Spinal needle Epidural needle
Insiden terjadinya hipotensi pada anestesi spinal cukup signifikan. Pada beberapa
penelitian menyebutkan insidensinya mencapai 8 – 33 %. (Liguori, 2007)
Tabel.1. Insidensi Hipotensi Pada Neuraxial Anesthesia
(Liguori, 2007)
Penyebab utama terjadinya hipotensi pada anestesi spinal adalah blokade tonus
simpatis. Blok simpatis ini akan menyebabkan terjadinya hipotensi, hal ini disebabkan oleh
menurunnya resistensi vaskuler sistemik dan curah jantung. Pada keadaan ini terjadi pooling
darah dari jantung dan thoraks ke mesenterium, ginjal, dan ekstremitas bawah. (Liguori,
2007; Salinas, 2009)
Manifestasi fisiologi yang umum pada anestesi spinal adalah hipotensi dengan derajat
yang bervariasi dan bersifat individual. Terjadinya hipotensi biasanya terlihat pada menit ke
20 – 30 pertama setelah injeksi, kadang dapat terjadi setelah menit ke 45 – 60. Derajat
hipotensi berhubungan dengan kecepatan obat lokal anestesi ke dalam ruang subarachnoid
dan meluasnya blok simpatis. Blok yang terbatas pada dermatom lumbal dan sakral
menyebabkan sedikit atau tidak ada perubahan tekanan darah. Anestesi spinal yang meluas
sampai ke tingkat thorax tengah berakibat dalam turunnya tekanan darah yang sedang.
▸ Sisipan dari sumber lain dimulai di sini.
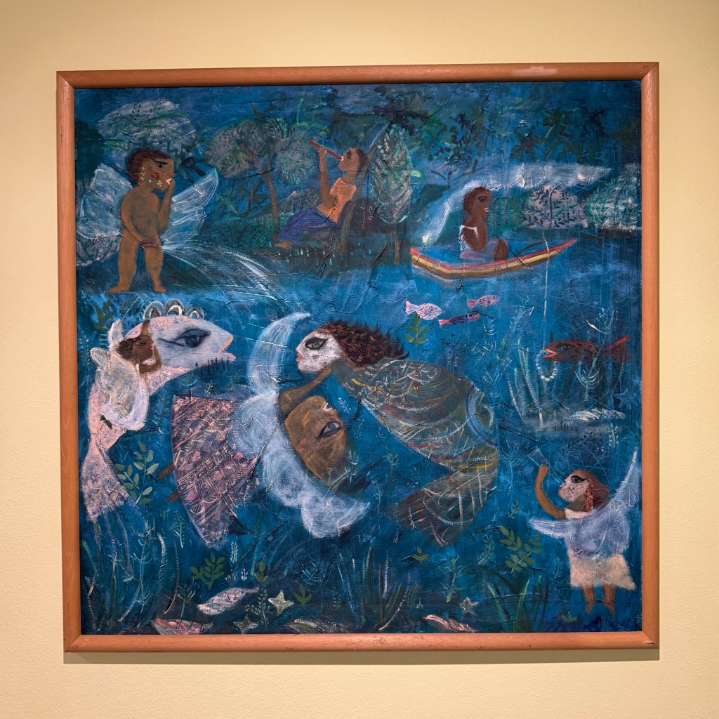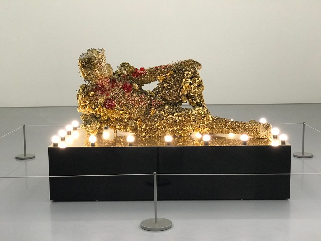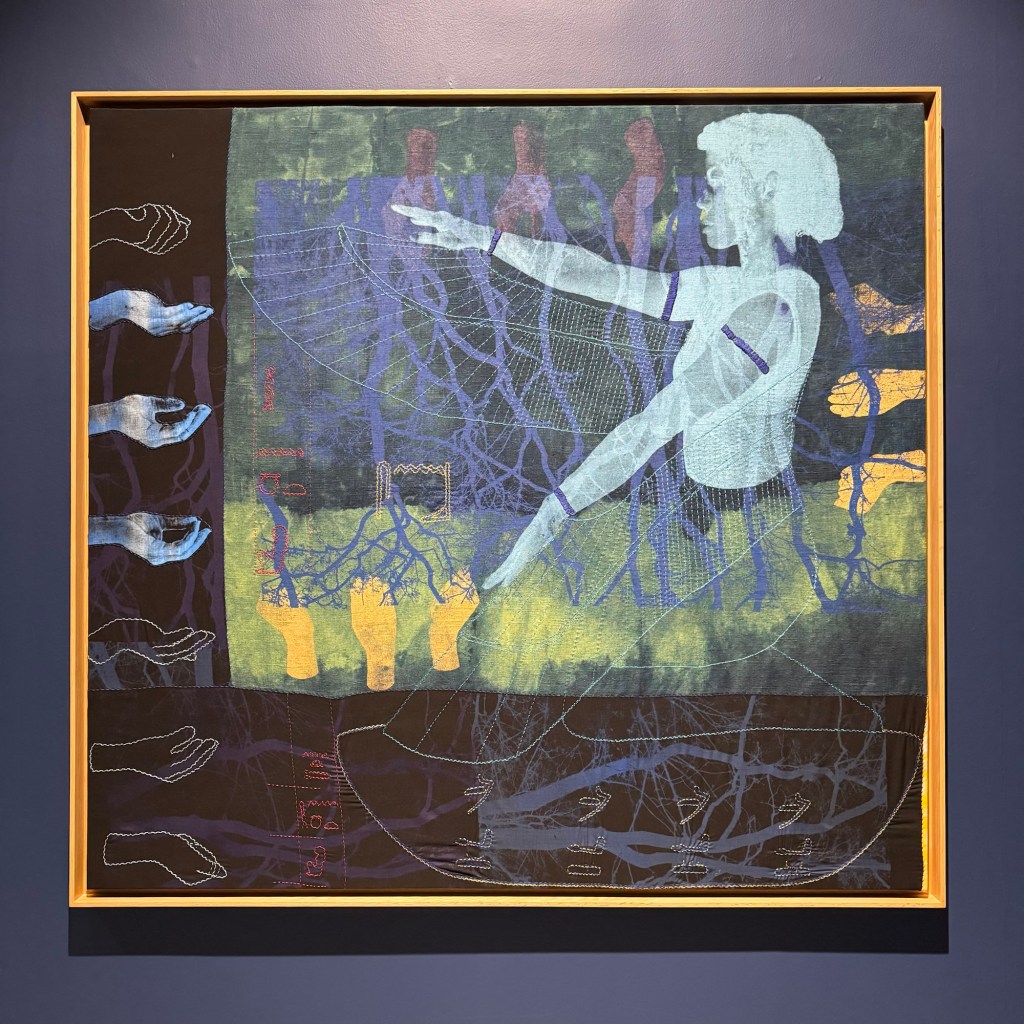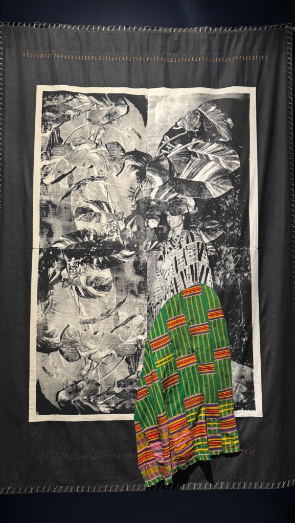 Die Kunstwerke von Opoku verbinden Mode, Textil, Fotografie, Druck und die Installation selbst und dies jeweils aus dem Blickwinkel ihrer Herkunft und ihrer Identität. Total spannend. In all ihren Arbeiten gibt es einen roten Faden, der drei Motive immer wieder präsent werden lässt, nämlich Wasser, Atem und Boden. Ihre persönlichen Erfahrungen verknüpft Opoku mit gesellschaftlichen Fragen. Der Titel der Ausstellung stammt übrigens aus dem altägyptischen Totenbuch: Wir gehen weiter in den Fußstapfen des Sonnenlichts. Na dann …

Anestesi spinal yang tinggi, di atas thorax 4 – 5, menyebabkan blokade simpatis dari serabut-
serabut yang menginervasi jantung, mengakibatkan penurunan frekwensi jantung dan karena
kotraktilitas jantung dan venous return menyebabkan penurunan curah jantung. Semuanya itu
menyebabkan hipotensi yang dalam. (Covino, 1994; Salinas, 2009)
Gambar. 3
Patofisiologi Hipotensi Dan Bradikardi Pada Anestesi Spinal
(Liguori, 2007)
Pada beberapa penelitian dikatakan efek terhadap kardiovaskuler lebih minimal pada
blok yang terjadi dibawah T5. (Liguori, 2007; Salinas, 2009)
Gambar. 4
(Covino, 1994)
2. Posisi Pasien
Kontrol simpatis pada sistem vena sangat penting dalam memelihara venous return dan
karenanya kardiovaskuler memelihara homeostasis selama perubahan postural. Vena-vena
mempunyai tekanan darah dan berisi sebagian besar darah sirkulasi (70%). Blokade simpatis
pada anestesi spinal menyebabkan hilangnya fungsi kontrol dan venous return menjadi
tergantung pada gravitasi. Jika anggota gerak bawah lebih rendah dari atrium kanan, vena-
vena dilatasi, terjadi sequestering volume darah yang banyak (pooling vena). Penurunan
venous return dan curah jantung bersama-sama dengan penurunan tahanan perifer dapat
menyebabkan hipotensi yang berat. Hipotensi pada anestesi spinal sangat dipengaruhi oleh
posisi pasien. Pasien dengan posisi head-up akan cenderung terjadi hipotensi diakibatkan oleh
venous pooling. Oleh karena itu pasien sebaiknya pada posisi slight head-down selama anestesi
spinal untuk mempertahankan venous return. (Covino, 1994)
Gambar. 5
(Covino, 1994)
Mekanisme lain yang dapat menjelaskan bagaimana anestesi spinal dapat menyebabkan
hipotensi adalah efek sistemik dari obat anestesi lokal itu sendiri. Obat anestesi lokal tersebut
mempunyai efek langsung terhadap miokardium maupun otot polos vaskuler perifer. Semua
obat anestesi mempunyai efek inotropik negatif terhadap otot jantung. Obat anestesi lokal
tetracaine maupun bupivacaine mempunyai efek depresi miokard yang lebih besar
dibandingkan dengan lidocaine ataupun mepivacaine. (Liguori, 2007)
Adapun beberapa faktor resiko lain terjadinya hipotensi pada anestesi spinal, diantaranya
adalah hipertensi preoperatif, usia lebih dari 40 th, obesitas, kombinasi general anestesi dan
regional anestesi, alkoholisme yang kronis, dan tekanan darah baseline kurang dari 120 mmHg.